Baskin (2015)

ABOUT THE AUTHOR: Roger Braden runs the Facebook group Valley Nightmares, which is all about the history of the films that played at the drive-ins and theaters in his home state of Kentucky. He’s a great guy and I’m excited to read his take on this movie.

Originally a short film that impressed, creator Can Evrenol was able to acquire around $350k and given the go ahead to expand on his story and make Baskin his feature film debut.

And what a debut it is.

Released in 2015 to various, high profile film festivals, it didn’t open wide in Turkey until January 1, 2016. Filmed over 28 nights in his native Istanbul, mostly without permits, Evrenol’s story is tension filled, dark and violent. It’s a film that I feel fits into the best of Clive Barker’s twisted universe, mixes in some Fulci, and expands on it.

Our story begins with a child awakening during a storm, he’s scared and goes to his mothers bedroom door, but there’s a lot of moaning and groaning going on in there so he moves on out into the house. As the storm crashes, a zombie-like arm reaches up behind some furniture and starts to reach for the boy. The boy runs back to his mother’s door, pounding on it and screaming “Mom” over and over.

Fade to black, the title and opening credits roll. We open on a rainy night at a hole in the wall diner, a five man police squad (Yes, one of the officers is that boy now) are swapping stories and having some disgusting looking food. Things escalate between them and the owner and a local, an officer goes to the bathroom and freaks out, then they load up in their big ass police van and leave. As our guys are traveling down the road, a song pops on the radio and they start singing, and dancing, to a song proclaiming “They’re not afraid.” Just as the song ends they get a radio dispatch that a police unit in a town called Inceagac has requested backup and they accept the call. Heading that way, our driver states that Inceagac is a bad place, despite having many Temples there. The journey gets weird, there is an accident, a flashback to their time in the diner, and an encounter with roadside locals that inform them that they have arrived in Inceagac. Despite the locals warnings, they proceed on foot to the nearby ruin of a building where the backup call came from. Seeing their fellow officers car, silent, but with lights flashing, they realize this was a police station in the distant past, with a very bad history.

And that’s the setup folks, because once our guys step into the building to find their fellow officers and to see what’s going on, this film goes completely insane. It’s been a weird flick so far, steadily building tension while you try to figure out where it’s going. But you’re not going to expect what happens from this point forward. Because our boys have stepped into one of the gates to Hell, or a Hellmouth, or whatever you want to call it (a shitstorm maybe?!) and this isn’t going to have a happy ending.

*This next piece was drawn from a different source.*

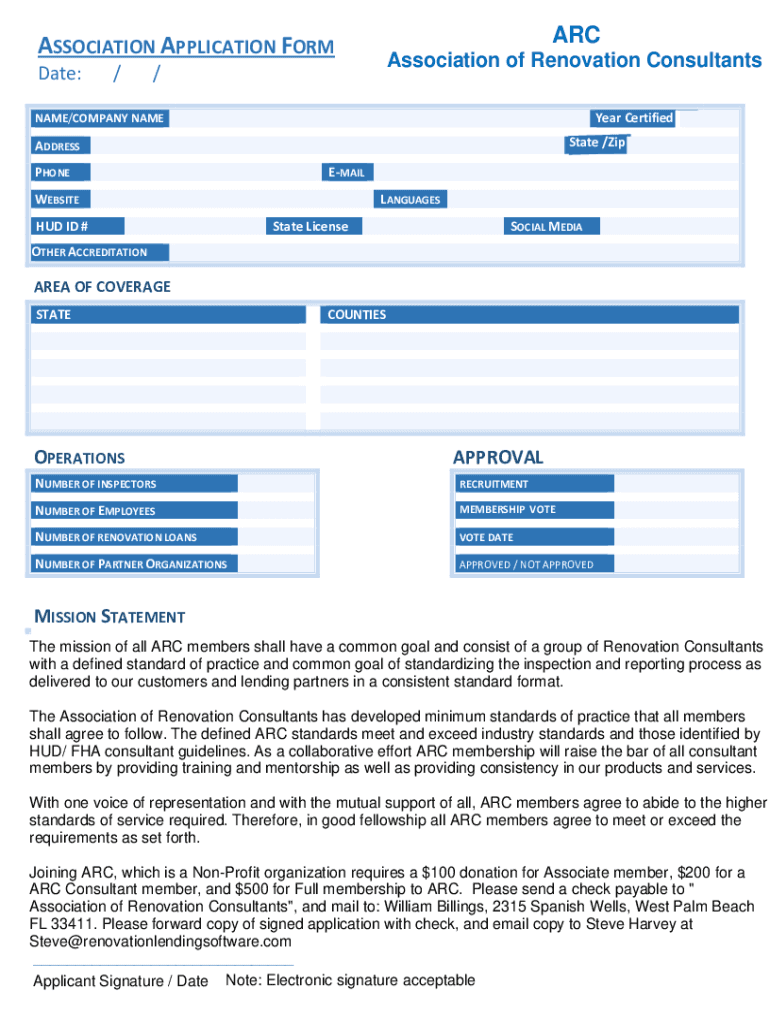 ARC application instructions typically require information such as company details, financial information, and compliance with ARC policies.

I hate “spoilers,” so I’m not going to get into much story detail from here on out. But as our guys continue to stumble forward, and try to escape, the depths of this Hell continue to get more tense, violent and weird. I’ve used the word “weird” several times in this piece, but I’m not sure if I’ve said it enough. Don’t believe me, wait until you meet “The Father,” played by first time actor Mehmet Cerrahoglu. This dude got the role simply because of the way he looks! And his setup and reveal is dreadful and horrifying!

This film hits all the checkmarks for me. Lighting, camerwork, story, acting, music, imagery… it all works. It’s bloody and violent, but there’s a lot left to the imagination, and that adds to the films overall tone. Evrenol does a fine job and mixes in some nice twists along the way, I especially love the final twist. This is very much a WTF movie. Multiple viewings reveal another angle (Se7en) that adds to the films enjoyment.

BASKIN streams everywhere, it’s on disc, I have the Scream Factory blu (which has the original short!) and I always watch it in Turkish! Many thanks to and Sam Panico!